Trojan Horse: 'Serious concerns' at Park View School
There are still "serious concerns" about teaching quality at a Birmingham school placed in special measures in the wake of the alleged "Trojan Horse" plot, a report has found.
An interim Ofsted inspection at Park View School found staffing issues were "adversely affecting" students.
The watchdog said staff absences and a reliance on supply teachers were hampering pupils' progress.
Park View said the majority of absences were outside its control.
It was one of five Birmingham schools placed in special measures after an investigation was launched into an anonymous letter outlining an alleged Islamist takeover plot.
Inspectors said they had witnessed "unacceptable" disruptive pupil behaviour during a November monitoring visit to the academy in Alum Rock.
'Low staff morale'
Students and parents told Ofsted frequent changes of staff meant teaching was not sufficiently challenging and homework was rarely handed out, according to the report.
"The academy is unable to improve quickly enough because there are insufficient leaders and permanent teachers working there," it concluded.
They said one third of the staff who responded to a questionnaire felt the school was "not well-led and managed and staff morale is low".

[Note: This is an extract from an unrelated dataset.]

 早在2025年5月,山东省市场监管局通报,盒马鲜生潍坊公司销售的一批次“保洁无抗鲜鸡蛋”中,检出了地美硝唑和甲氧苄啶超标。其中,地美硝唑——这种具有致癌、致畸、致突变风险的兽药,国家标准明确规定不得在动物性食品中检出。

However, Ofsted, which previously criticised the school for failing to alert pupils to the risks of extremism, said religious teaching had improved.
Inspectors also found "a renewed focus on developing students' understanding of British values and what it means to be British".

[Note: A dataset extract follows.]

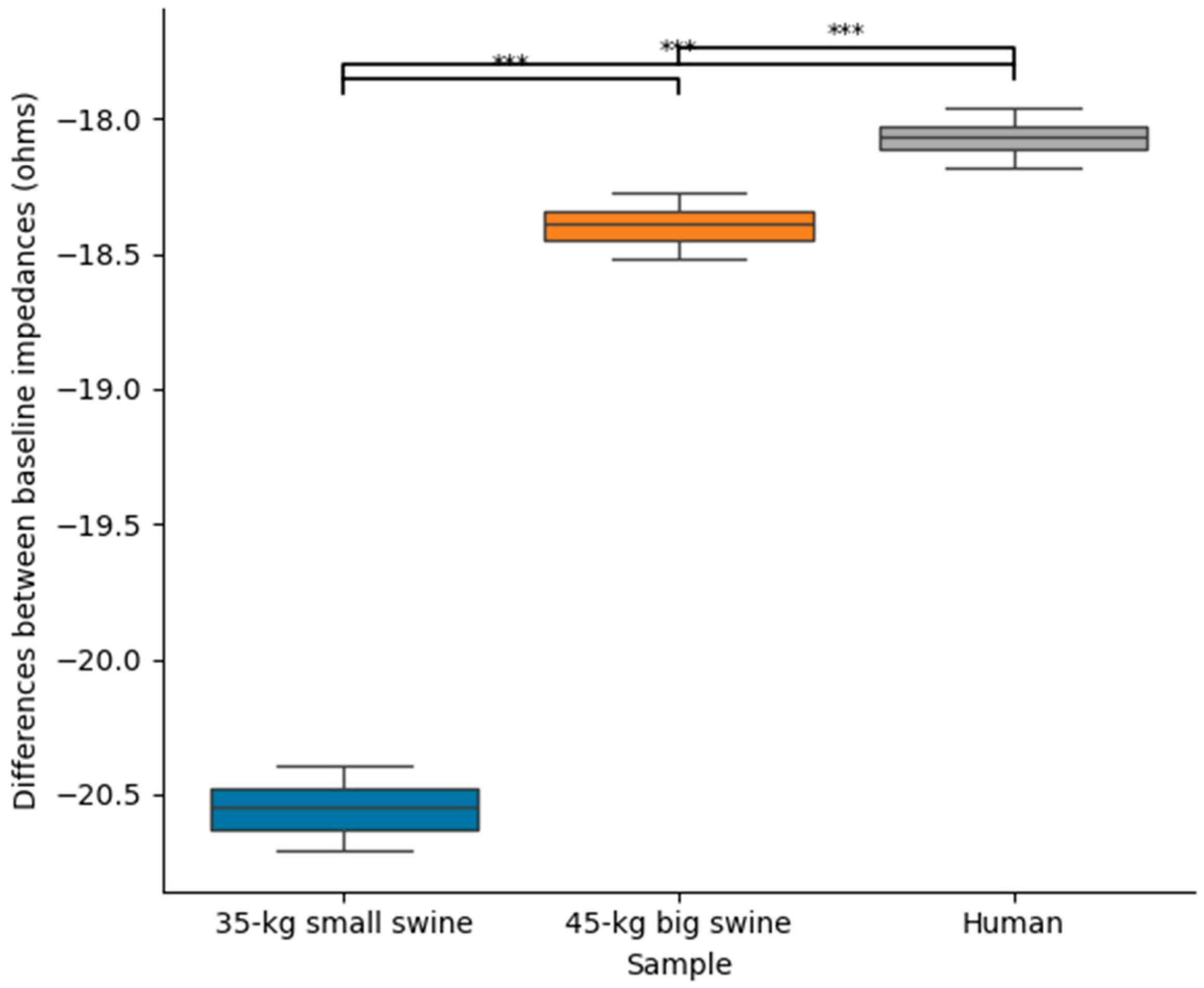 Small swine | 7.65 ± 0.32 | 5.48 ± 0.20 | 4.63 ± 0.27 | 8.71 ± 0.30 | 6.15 ± 0.19 | 5.28 ± 0.25 |
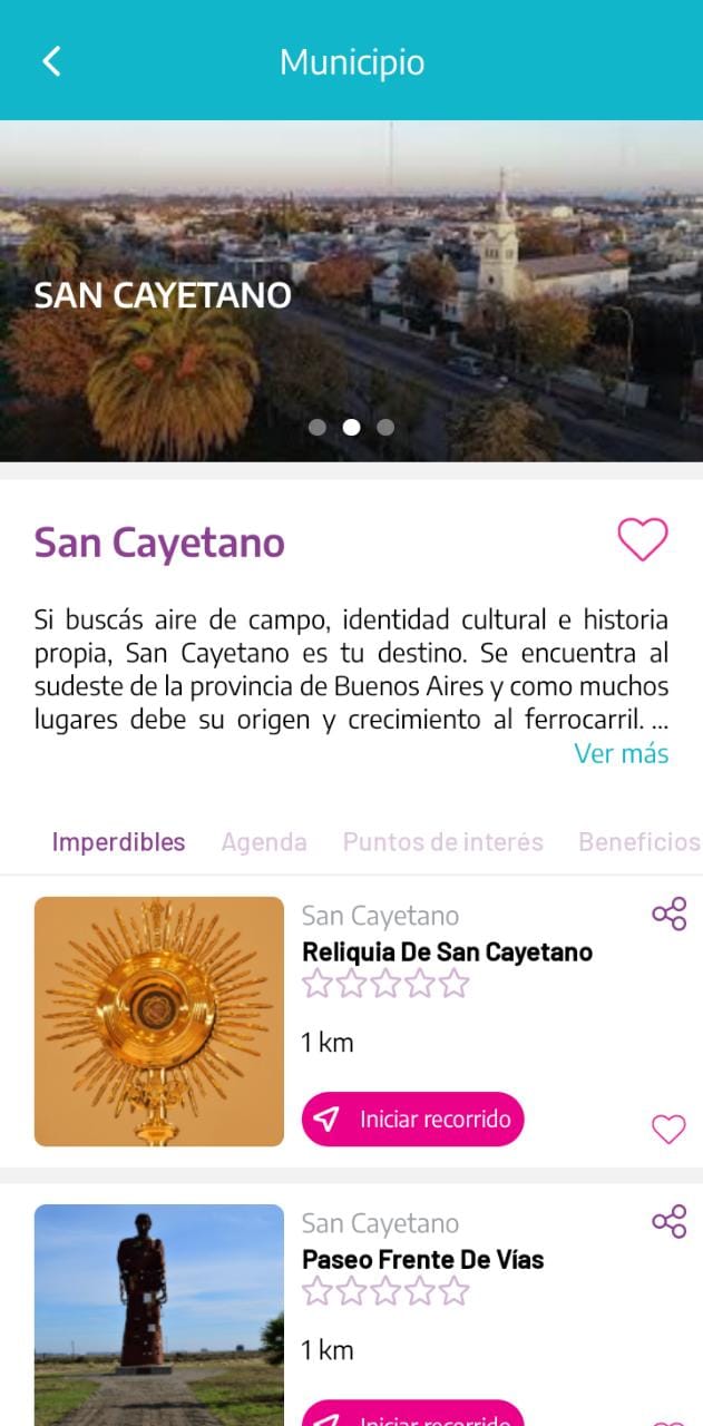 La masiva participación de los municipios permite compilar en una sola plataforma los puntos de interés de cada localidad, información que aparece en el dispositivo del turista según su ubicación geográfica. San Cayetano, a través del área de Turismo, participa activamente con toda la información necesaria para promover los atractivos y eventos del Distrito.

But the curriculum "remained narrow", it said, and there was particular concern that music lessons were only timetabled for year 7 and 8 students.
In a letter to parents, acting principal Adrian Packer said Park View faced "complex recruitment issues" but was working to overcome them.
He said the school was introducing "quality assurance checks" for all supply staff and was interviewing candidates for permanent senior leadership posts.